▸ WHAT THIS TASK INVOLVES: Work through the listing below and give again exactly the lines from the one with "OMBITRONIC CMP-102 MK2" to the one with "Modul releu cu", both ends included. All other lines and all pictures stay out.

▸ RECORDS PROVIDED:
■ ■ ■
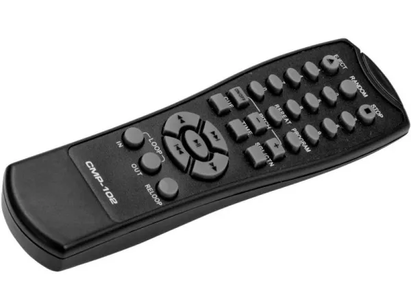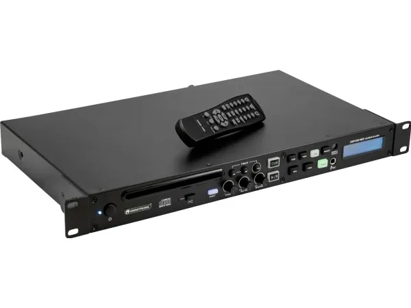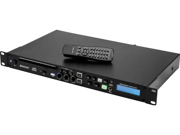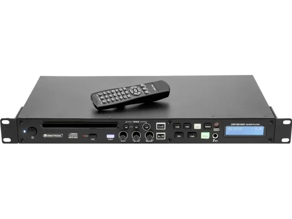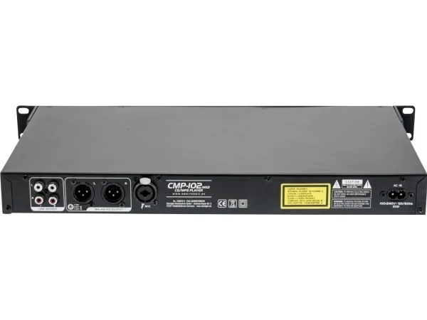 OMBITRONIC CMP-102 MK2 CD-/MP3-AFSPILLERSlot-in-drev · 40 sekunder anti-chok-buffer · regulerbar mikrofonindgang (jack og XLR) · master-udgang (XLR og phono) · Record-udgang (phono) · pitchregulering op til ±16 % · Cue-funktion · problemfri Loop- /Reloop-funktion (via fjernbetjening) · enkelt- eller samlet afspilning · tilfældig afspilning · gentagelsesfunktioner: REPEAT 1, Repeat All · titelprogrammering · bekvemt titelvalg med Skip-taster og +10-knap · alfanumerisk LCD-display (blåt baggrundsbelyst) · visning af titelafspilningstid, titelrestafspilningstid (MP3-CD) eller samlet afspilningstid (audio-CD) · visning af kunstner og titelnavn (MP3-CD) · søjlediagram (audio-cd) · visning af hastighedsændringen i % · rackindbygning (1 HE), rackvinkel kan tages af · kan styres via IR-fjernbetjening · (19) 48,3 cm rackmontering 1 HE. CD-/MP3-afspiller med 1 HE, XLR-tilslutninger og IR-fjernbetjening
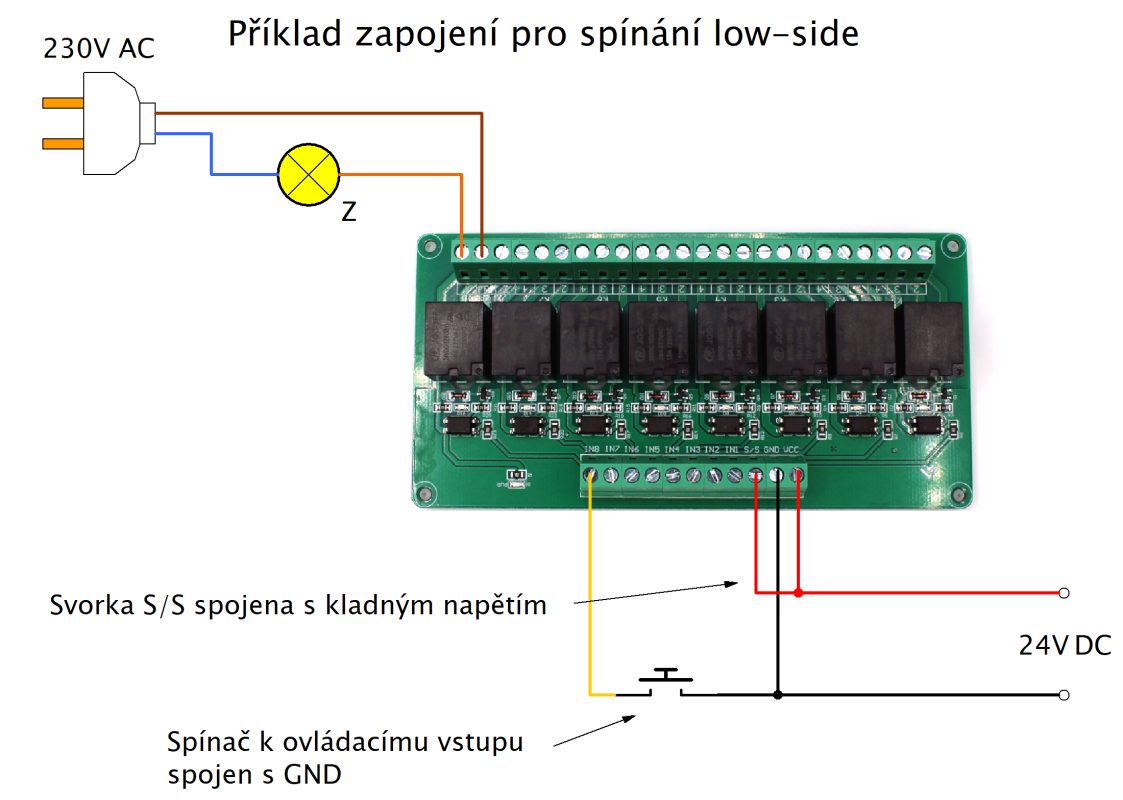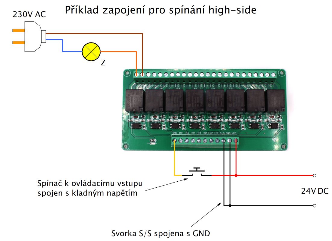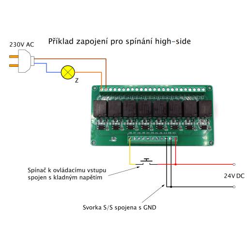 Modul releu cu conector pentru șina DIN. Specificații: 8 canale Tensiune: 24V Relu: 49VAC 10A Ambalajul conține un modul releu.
■ ■ ■
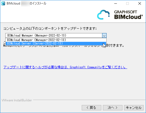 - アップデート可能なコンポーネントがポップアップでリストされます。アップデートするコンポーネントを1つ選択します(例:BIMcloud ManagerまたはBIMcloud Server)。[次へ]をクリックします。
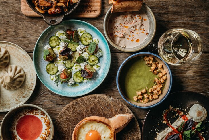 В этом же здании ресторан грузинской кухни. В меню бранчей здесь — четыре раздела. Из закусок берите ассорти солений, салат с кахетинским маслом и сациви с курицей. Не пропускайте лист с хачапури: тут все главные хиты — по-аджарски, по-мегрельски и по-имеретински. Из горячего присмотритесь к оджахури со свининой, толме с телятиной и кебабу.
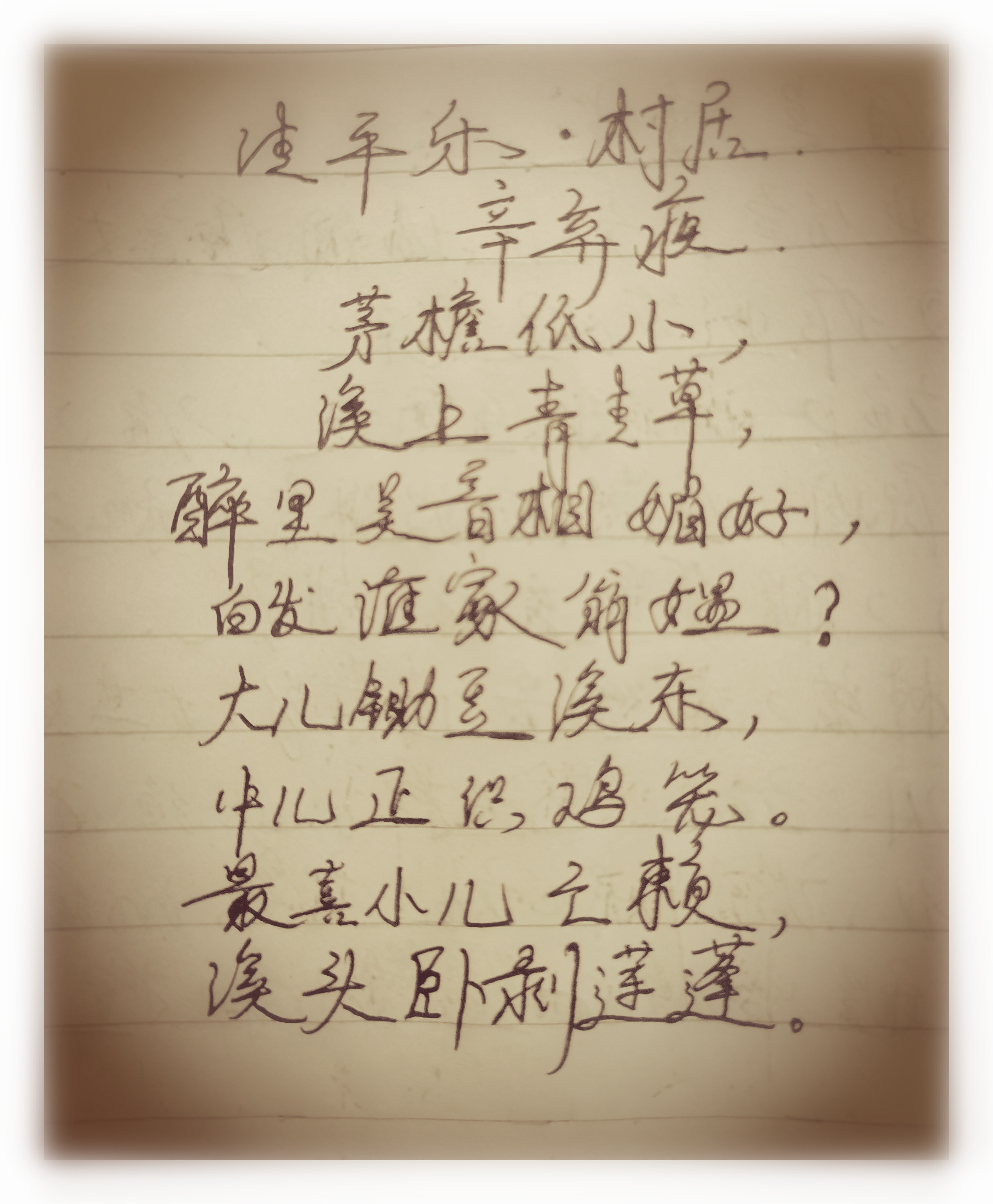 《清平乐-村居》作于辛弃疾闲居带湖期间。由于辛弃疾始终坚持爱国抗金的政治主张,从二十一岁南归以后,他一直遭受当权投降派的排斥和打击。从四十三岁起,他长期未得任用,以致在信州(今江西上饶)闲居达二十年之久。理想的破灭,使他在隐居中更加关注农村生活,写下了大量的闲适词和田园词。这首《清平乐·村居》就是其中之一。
■ ■ ■
▸ EXPECTED ANSWER:
 OMBITRONIC CMP-102 MK2 CD-/MP3-AFSPILLERSlot-in-drev · 40 sekunder anti-chok-buffer · regulerbar mikrofonindgang (jack og XLR) · master-udgang (XLR og phono) · Record-udgang (phono) · pitchregulering op til ±16 % · Cue-funktion · problemfri Loop- /Reloop-funktion (via fjernbetjening) · enkelt- eller samlet afspilning · tilfældig afspilning · gentagelsesfunktioner: REPEAT 1, Repeat All · titelprogrammering · bekvemt titelvalg med Skip-taster og +10-knap · alfanumerisk LCD-display (blåt baggrundsbelyst) · visning af titelafspilningstid, titelrestafspilningstid (MP3-CD) eller samlet afspilningstid (audio-CD) · visning af kunstner og titelnavn (MP3-CD) · søjlediagram (audio-cd) · visning af hastighedsændringen i % · rackindbygning (1 HE), rackvinkel kan tages af · kan styres via IR-fjernbetjening · (19) 48,3 cm rackmontering 1 HE. CD-/MP3-afspiller med 1 HE, XLR-tilslutninger og IR-fjernbetjening
 Modul releu cu conector pentru șina DIN. Specificații: 8 canale Tensiune: 24V Relu: 49VAC 10A Ambalajul conține un modul releu.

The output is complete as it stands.